Copy exactly the lines of the data below, beginning with the line with "Вентиляционный металлический хомут" and ending with the line with "附:东莞理工学院城市学院2019年计划招生一览表". Pictures are to be omitted.

--- Source material ---

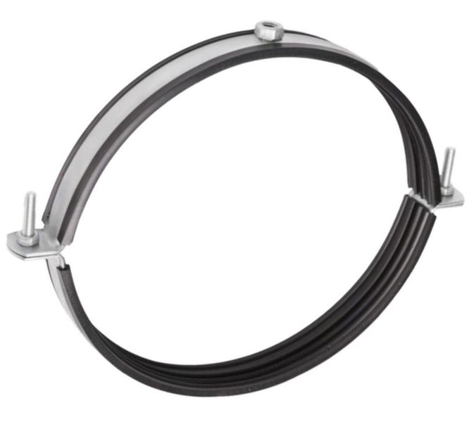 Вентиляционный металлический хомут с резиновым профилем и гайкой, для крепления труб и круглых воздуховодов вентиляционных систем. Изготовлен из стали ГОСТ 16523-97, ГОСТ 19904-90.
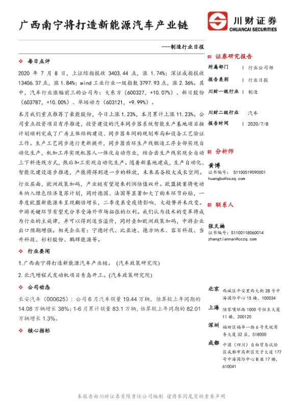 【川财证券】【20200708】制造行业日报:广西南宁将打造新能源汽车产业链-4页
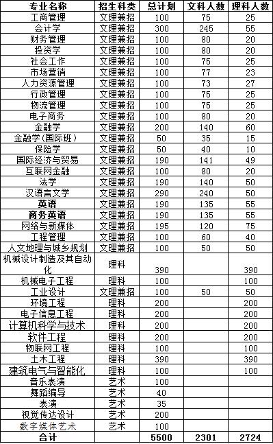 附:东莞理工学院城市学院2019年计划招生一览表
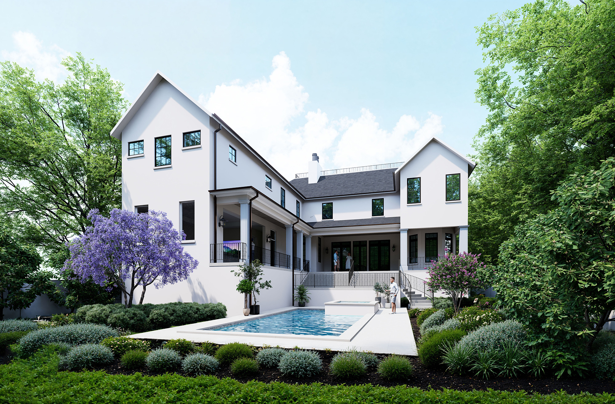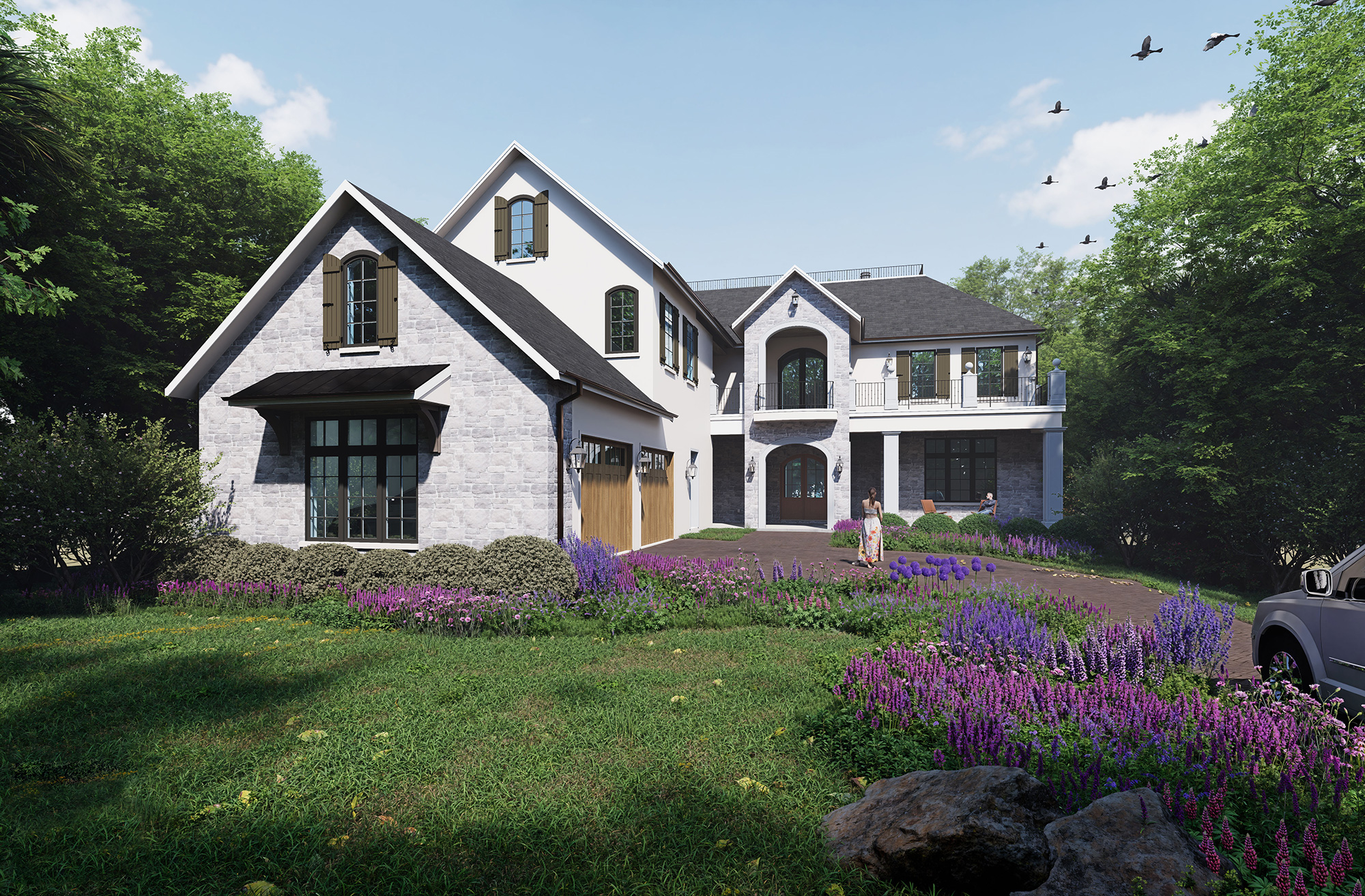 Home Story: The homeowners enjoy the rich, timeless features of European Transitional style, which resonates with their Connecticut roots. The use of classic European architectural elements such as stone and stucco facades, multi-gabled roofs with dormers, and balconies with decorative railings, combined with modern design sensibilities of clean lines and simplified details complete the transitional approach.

---
--- Source material ---

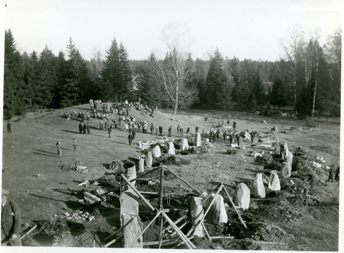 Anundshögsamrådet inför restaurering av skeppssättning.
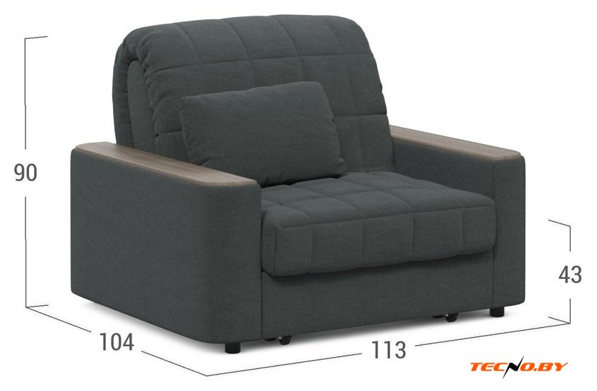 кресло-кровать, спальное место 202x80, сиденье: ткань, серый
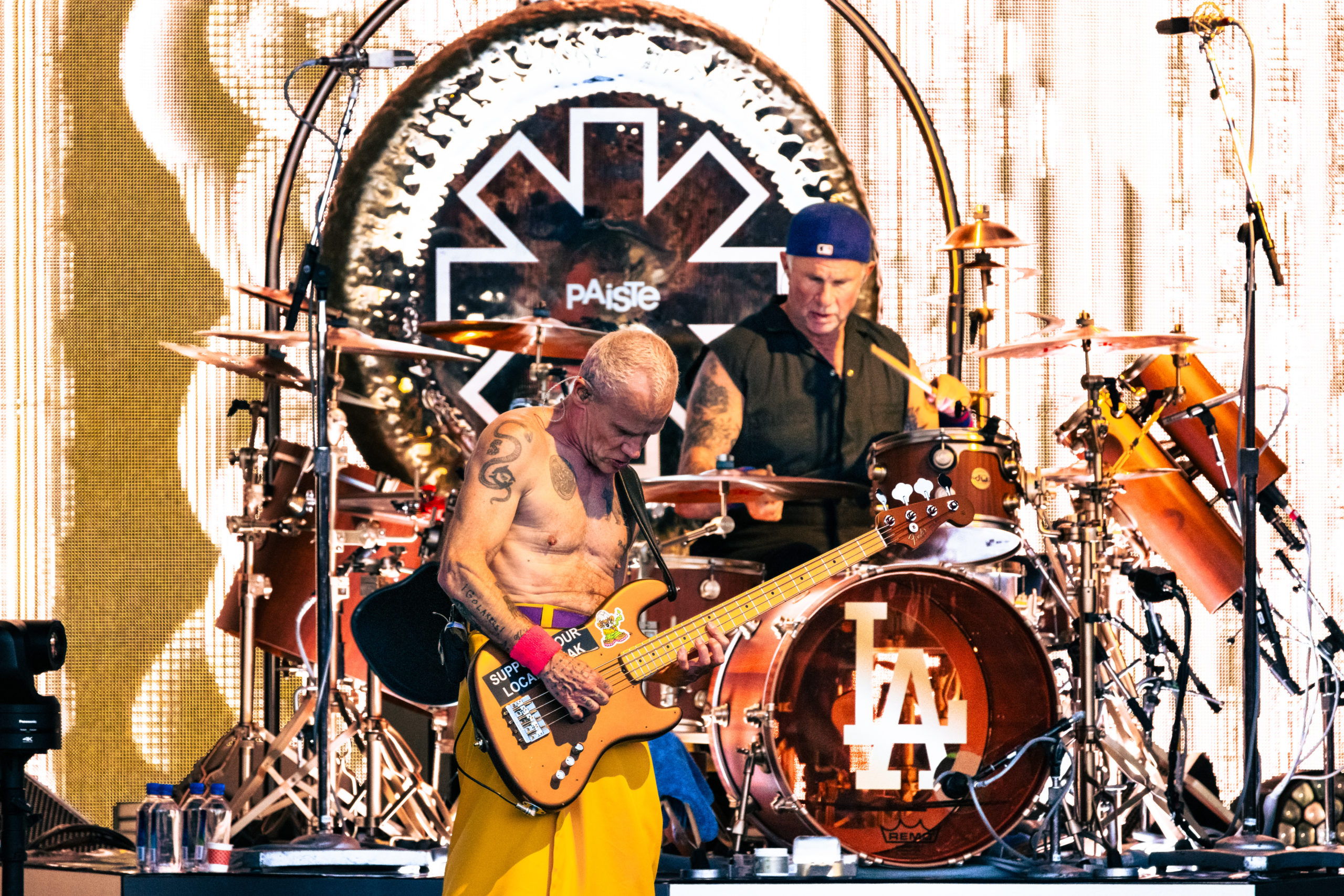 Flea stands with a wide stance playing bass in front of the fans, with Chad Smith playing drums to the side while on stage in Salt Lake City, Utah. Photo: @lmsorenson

---

_Your response_
 Вентиляционный металлический хомут с резиновым профилем и гайкой, для крепления труб и круглых воздуховодов вентиляционных систем. Изготовлен из стали ГОСТ 16523-97, ГОСТ 19904-90.
 【川财证券】【20200708】制造行业日报:广西南宁将打造新能源汽车产业链-4页
 附:东莞理工学院城市学院2019年计划招生一览表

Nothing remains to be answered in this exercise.